Manufacturers are not required to reveal their ingredients or conduct trials, and recipes may be proprietary. Professional inks may be made from iron oxides (rust), metal salts, or plastics. Homemade or traditional tattoo inks may be made from pen ink, soot, dirt, ash, blood, or other ingredients.
Metal salts used for tattoo inks include those based on nickel (black), zinc (yellow, white), chromium (green), aluminium (green, violet), titanium (white), copper (blue, green), and iron (brown, red, black) as well as the toxic heavy metals cobalt (blue), mercury (red), lead (yellow, green, white), cadmium (red, orange, yellow), and barium (white). Organic chemicals used include azo-chemicals (orange, brown, yellow, green, violet) and naptha-derived chemicals (red). Carbon is also used for black. Other elements used as pigments include antimony, arsenic, beryllium, calcium, lithium, selenium, and sulphur.
Tattoo ink manufacturers typically blend the metal pigments and/or use lightening agents (such as lead or titanium) to reduce production costs. Tattoo inks contaminated with metal allergens have been known to cause severe reactions, sometimes years later, when the original ink is not available for testing, see metal allergy.
A carrier acts as a solvent for the pigment, to "carry" the pigment from the point of needle trauma to the surrounding dermis. Carriers keep the ink evenly mixed and free from pathogens, and aid application. The most typical solvent is ethyl alcohol or distilled water, but denatured alcohols, methanol, rubbing alcohol, propylene glycol, and glycerine are also used. When an alcohol is used as part of the carrier base in tattoo ink or to disinfect the skin before application of the tattoo, it increases the skin's permeability, helping to transport more pigment into the skin.

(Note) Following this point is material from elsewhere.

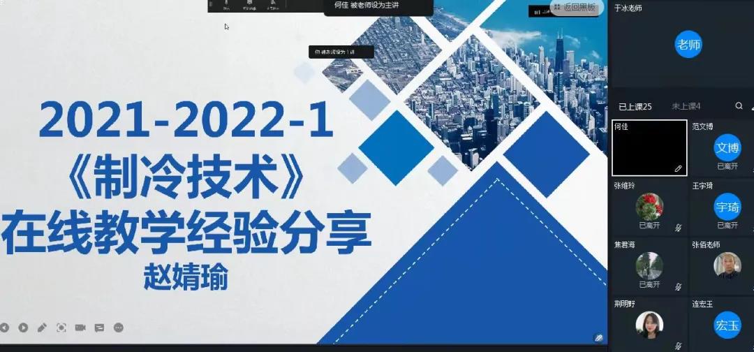 赵婧瑜老师分享自己的线上教学经验,首先精心制作的PPT课件内容丰富,图文并茂,动画生动,通过把制冷装置复杂的部件结构图和工作原理以实物图片、动画的形式展现出来,对流体的流动方向,复杂结构部件的移动,压力、温度等参数的变化表现直观,带入感强。容易让学生理解并且印象深刻,便于强化记忆,收到良好的教学效果。

Carbon-based pigments such as soot have been used to create tattoos on human skin all across the world for at least the last 5,300 years. The oldest examples of carbon-based tattooing discovered to date appear as 61 marks on the body of the 5,300-year-old Tyrolean ice mummy known as Ötzi, discovered in 1991 near Similaun mountain and Hauslabjoch on the border between Austria and Italy. This is also believed to be the oldest example of all human tattooing. Skin samples from several of the iceman's tattoos were examined by researchers using optical microscopes, bright-field transmission electron microscopy, energy-dispersive X-ray spectroscopy, electron energy-loss spectrometry, energy filtering transmission electron microscopy, and electron diffraction. This work determined that Ötzi's tattoos were created using carbon-based pigments derived from soot and ash. Microscopic quartz crystals identified among the carbon particles are believed to have originated from stones around the fireplace where the carbon was collected.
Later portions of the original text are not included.